> _Data shown_:
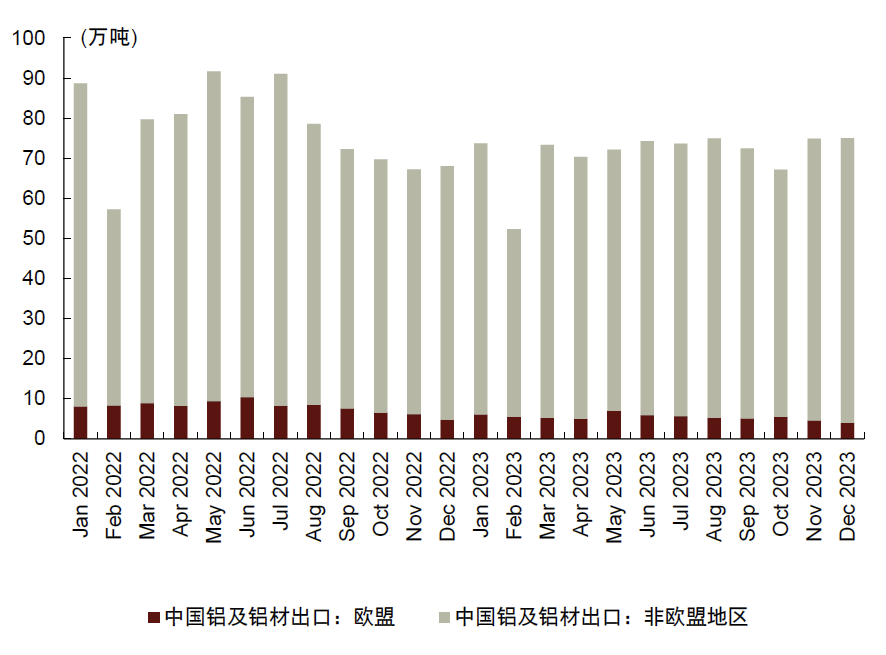 随着CCER碳排放交易的重启,电解铝企业纳入全国碳市场在即,再生铝的绿色价值有望显化。根据近半年的CCER均价75元/吨计算,每吨再生铝蕴含碳价值约为825元/吨。同时,下游行业的ESG目标也提升了其对于低碳铝的需求,甚至出现再生铝的“绿色溢价”。出口方面,欧盟碳边境调节机制(CBAM)自2023年10月1日起正式步入三年过渡期,将于2026年正式开始征税[5],目前仅覆盖直接排放。CBAM征税对象包含了除7602、7615以外所有76章项下的铝商品。2023年,欧盟占我国铝及铝制品出口约为7.5%。未来碳关税生效后,再生铝制品获得的碳成本优势不容小觑。
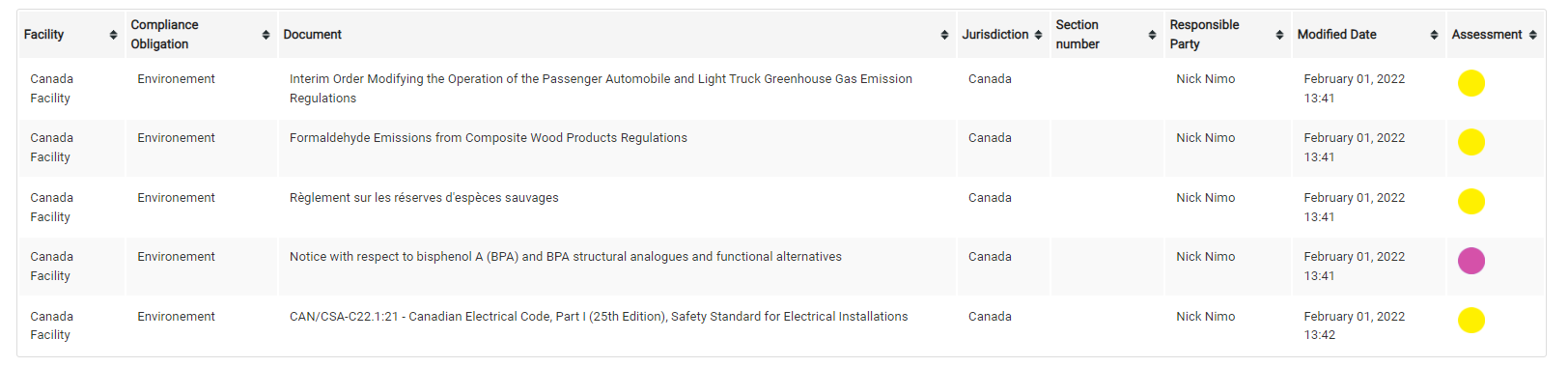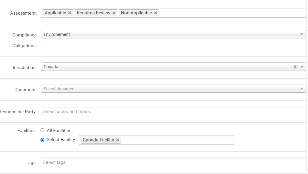 You will then be able to filter the report by Assessment, Registers, Jurisdiction, document, Responsible Party, Facility, and Tags.
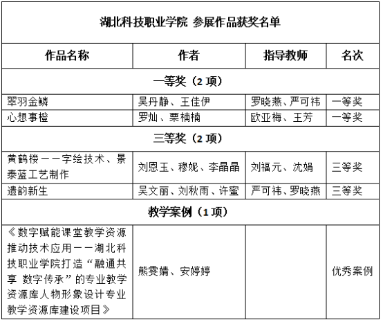 本网讯(通讯员 严可祎/文 孙瑜 沈娟 王芳/图)近日,由教育部职业院校艺术设计类专业教学指导委员会主办的“全国职业院校艺术设计类优秀作品展暨2023年校企融合成果转化对接会”获奖名单揭晓。传媒艺术学院师生的艺术设计类优秀作品及教学案例斩获优秀教学案例1项、一等奖2项、三等奖2项。

> _Brief_:
Exactly the lines from the top of the listing through the line holding "You will then" should be repeated, with pictures left out.

> _Solution to this task_:
 随着CCER碳排放交易的重启,电解铝企业纳入全国碳市场在即,再生铝的绿色价值有望显化。根据近半年的CCER均价75元/吨计算,每吨再生铝蕴含碳价值约为825元/吨。同时,下游行业的ESG目标也提升了其对于低碳铝的需求,甚至出现再生铝的“绿色溢价”。出口方面,欧盟碳边境调节机制(CBAM)自2023年10月1日起正式步入三年过渡期,将于2026年正式开始征税[5],目前仅覆盖直接排放。CBAM征税对象包含了除7602、7615以外所有76章项下的铝商品。2023年,欧盟占我国铝及铝制品出口约为7.5%。未来碳关税生效后,再生铝制品获得的碳成本优势不容小觑。
 You will then be able to filter the report by Assessment, Registers, Jurisdiction, document, Responsible Party, Facility, and Tags.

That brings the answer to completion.